## YOUR GOAL:
Go through the listing and set it down exactly, leaving out its pictures.
(MATERIAL PROVIDED begins)
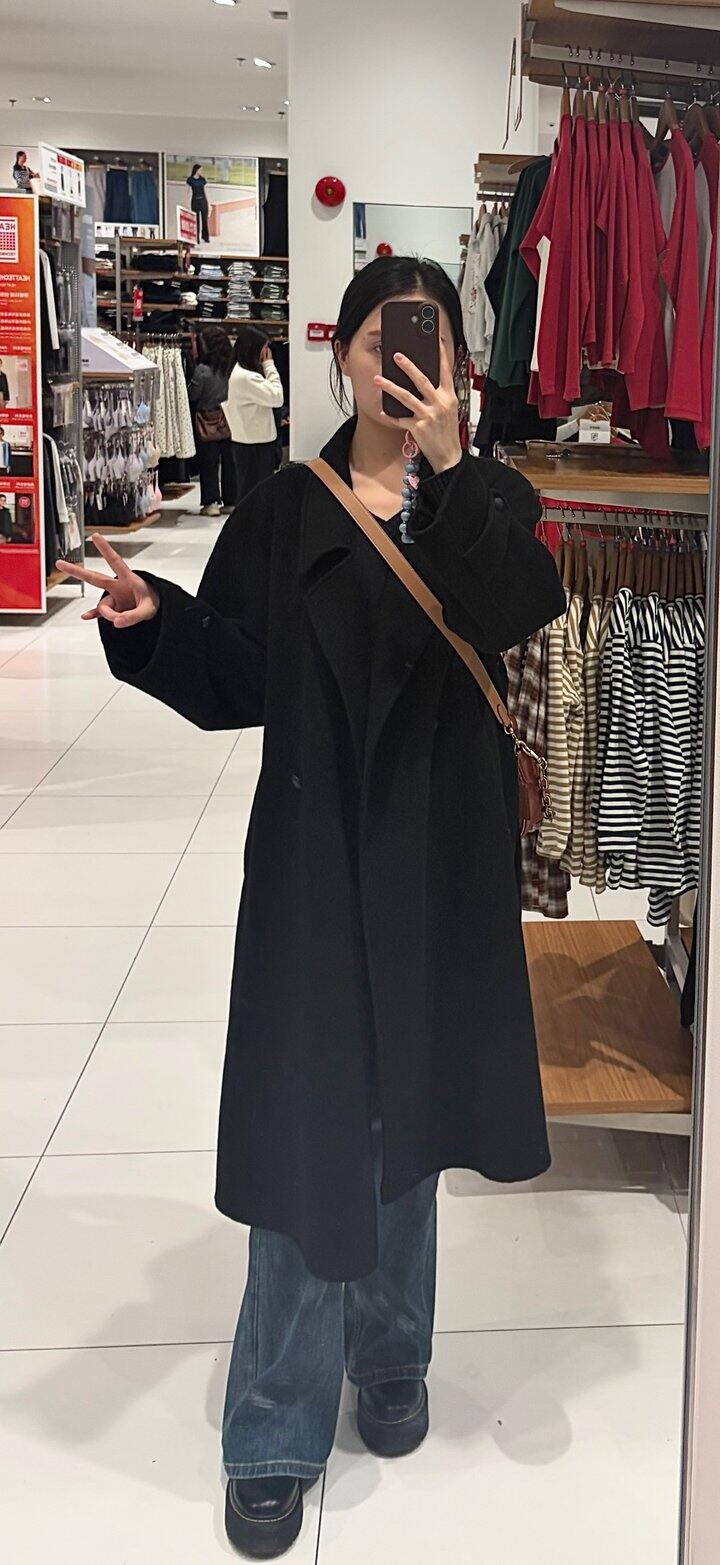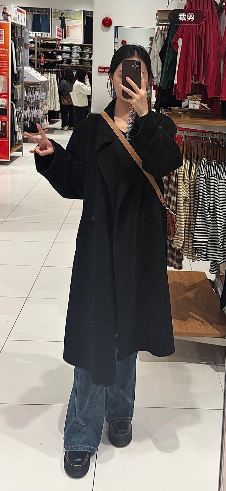 去万达逛了一圈 想买件浅色或者颜色亮一点的大衣 因为我到了冬天基本都是黑色和灰色 结果没看到一件满意的 款式、质量都不喜欢 价格也都不低了 但是都还不如我身上这件[哭笑] 才不到400[哭笑] 去年跟微博猪猪团买的 现在女装真的好难买啊 我特别喜欢这件黑大衣 有垂感 版型也很不错 配牛仔裤和长裙都很好看 每次配长裙都有不同的同事夸我大衣好好看 这双鞋更不用说啦 很百搭 不管春夏秋冬不知道穿什么都穿这双鞋[哭笑][哭笑][哭笑]
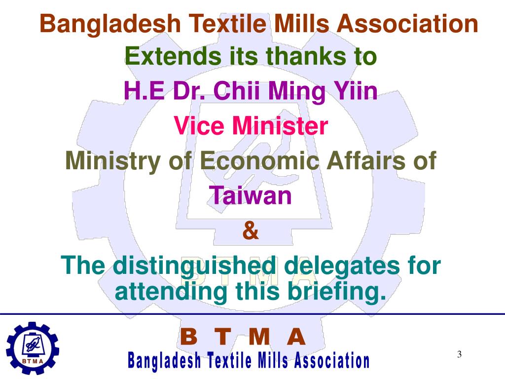 Bangladesh Textile Mills Association Extends its thanks to H.E Dr. Chii Ming Yiin Vice Minister Ministry of Economic Affairs of Taiwan & The distinguished delegates for attending this briefing. B T M A Bangladesh Textile Mills Association
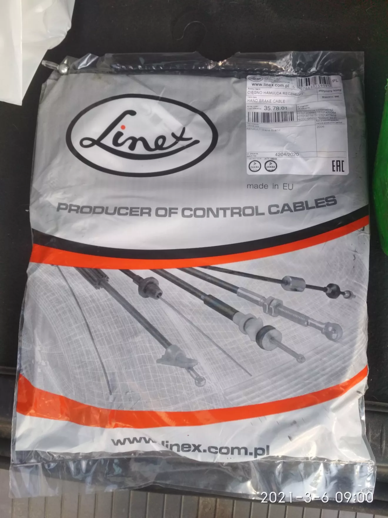 Все операции по снятию троса проводил без ямы и без снятия/разборки блока. Да не удобно, да ограниченное пространство, но тонкой отвёрткой вполне реально подцепить усик на пластиковом фиксаторе. Как временная мера трос был промыт ВД-40, и из шприца промазан моторным маслом, да долго, да муторно, но реально! Для меньшего попадания влаги кожух был обмотан изолентой. И поставлен на зад. Также пиреном была отключена автопостановка. И вот в конце зимы (ну все как всегда :)) были куплены новые тросы ручника. Долго колебался с выбором: трискан или Линекс, но остановился на более дорогом Линекс.
(MATERIAL PROVIDED ends)
## RESPONSE TO THE TASK:
 去万达逛了一圈 想买件浅色或者颜色亮一点的大衣 因为我到了冬天基本都是黑色和灰色 结果没看到一件满意的 款式、质量都不喜欢 价格也都不低了 但是都还不如我身上这件[哭笑] 才不到400[哭笑] 去年跟微博猪猪团买的 现在女装真的好难买啊 我特别喜欢这件黑大衣 有垂感 版型也很不错 配牛仔裤和长裙都很好看 每次配长裙都有不同的同事夸我大衣好好看 这双鞋更不用说啦 很百搭 不管春夏秋冬不知道穿什么都穿这双鞋[哭笑][哭笑][哭笑]
 Bangladesh Textile Mills Association Extends its thanks to H.E Dr. Chii Ming Yiin Vice Minister Ministry of Economic Affairs of Taiwan & The distinguished delegates for attending this briefing. B T M A Bangladesh Textile Mills Association
 Все операции по снятию троса проводил без ямы и без снятия/разборки блока. Да не удобно, да ограниченное пространство, но тонкой отвёрткой вполне реально подцепить усик на пластиковом фиксаторе. Как временная мера трос был промыт ВД-40, и из шприца промазан моторным маслом, да долго, да муторно, но реально! Для меньшего попадания влаги кожух был обмотан изолентой. И поставлен на зад. Также пиреном была отключена автопостановка. И вот в конце зимы (ну все как всегда :)) были куплены новые тросы ручника. Долго колебался с выбором: трискан или Линекс, но остановился на более дорогом Линекс.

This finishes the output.